PROVIDED DATA:

+ + + +

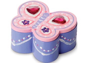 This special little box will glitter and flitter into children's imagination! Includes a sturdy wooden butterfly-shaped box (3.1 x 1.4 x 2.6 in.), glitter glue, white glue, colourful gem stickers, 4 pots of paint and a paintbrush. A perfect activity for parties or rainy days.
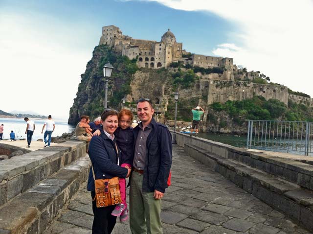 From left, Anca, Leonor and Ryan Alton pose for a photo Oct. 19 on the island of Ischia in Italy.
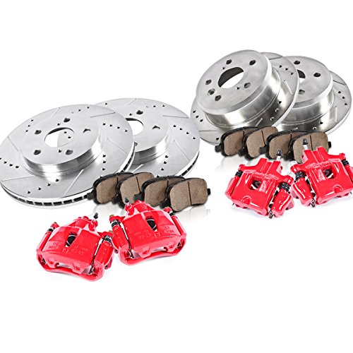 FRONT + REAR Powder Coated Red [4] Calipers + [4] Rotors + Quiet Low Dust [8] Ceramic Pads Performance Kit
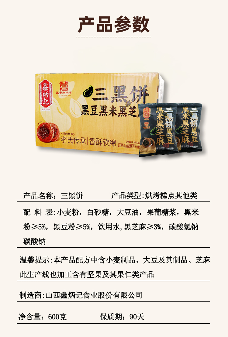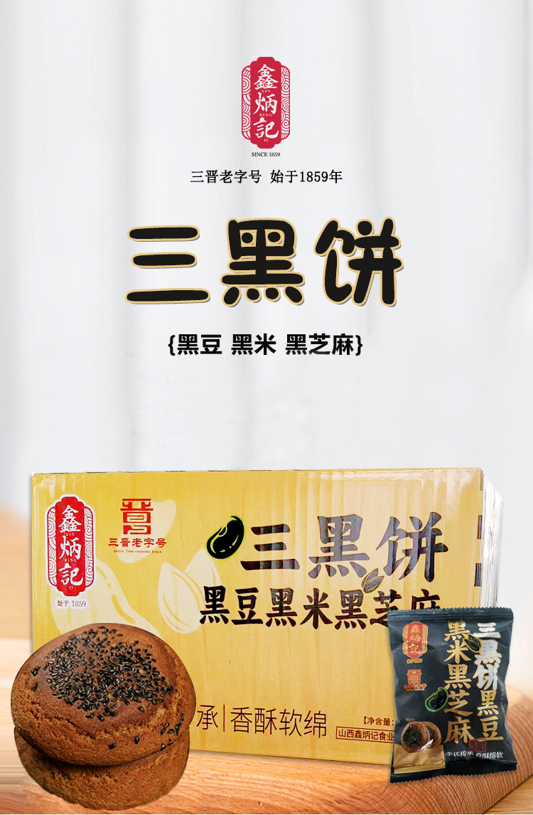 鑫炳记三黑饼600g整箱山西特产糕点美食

+ + + +

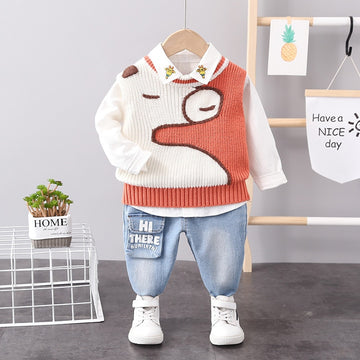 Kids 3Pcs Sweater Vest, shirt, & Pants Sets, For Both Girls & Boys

+ + + +

TASK OBJECTIVE: Output should consist of the lines above from the one with "This special little" down to the one with "From left, Anca, Leonor", exact and without pictures.

PROBLEM SOLUTION:
 This special little box will glitter and flitter into children's imagination! Includes a sturdy wooden butterfly-shaped box (3.1 x 1.4 x 2.6 in.), glitter glue, white glue, colourful gem stickers, 4 pots of paint and a paintbrush. A perfect activity for parties or rainy days.
 From left, Anca, Leonor and Ryan Alton pose for a photo Oct. 19 on the island of Ischia in Italy.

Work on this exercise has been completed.